**Problem:** For the listing below, return the line containing "Večernje novosti - Naslovna", the line containing "3.Внутриличностные (психические) конфликты", and all lines in between, exactly as written and nothing else.

**Excerpted records:**
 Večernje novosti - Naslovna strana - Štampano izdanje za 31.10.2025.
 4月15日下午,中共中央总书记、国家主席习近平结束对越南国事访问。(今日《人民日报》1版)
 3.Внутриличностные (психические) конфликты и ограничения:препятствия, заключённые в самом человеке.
==
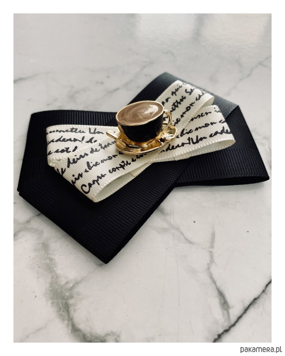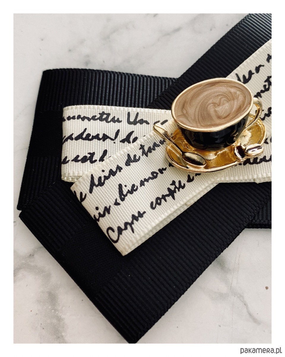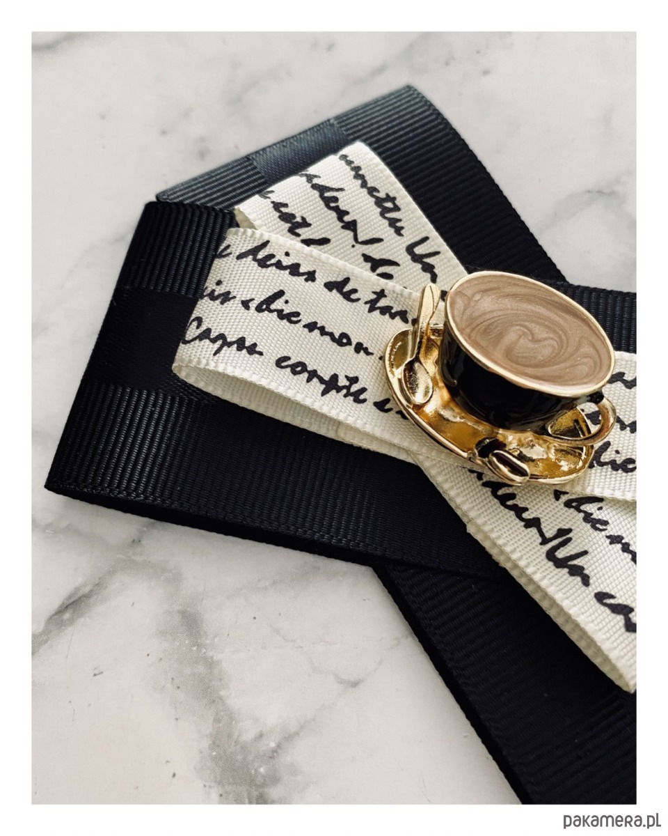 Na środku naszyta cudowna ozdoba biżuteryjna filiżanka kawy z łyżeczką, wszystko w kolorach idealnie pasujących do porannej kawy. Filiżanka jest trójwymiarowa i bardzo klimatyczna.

**Worked solution:**
 Večernje novosti - Naslovna strana - Štampano izdanje za 31.10.2025.
 4月15日下午,中共中央总书记、国家主席习近平结束对越南国事访问。(今日《人民日报》1版)
 3.Внутриличностные (психические) конфликты и ограничения:препятствия, заключённые в самом человеке.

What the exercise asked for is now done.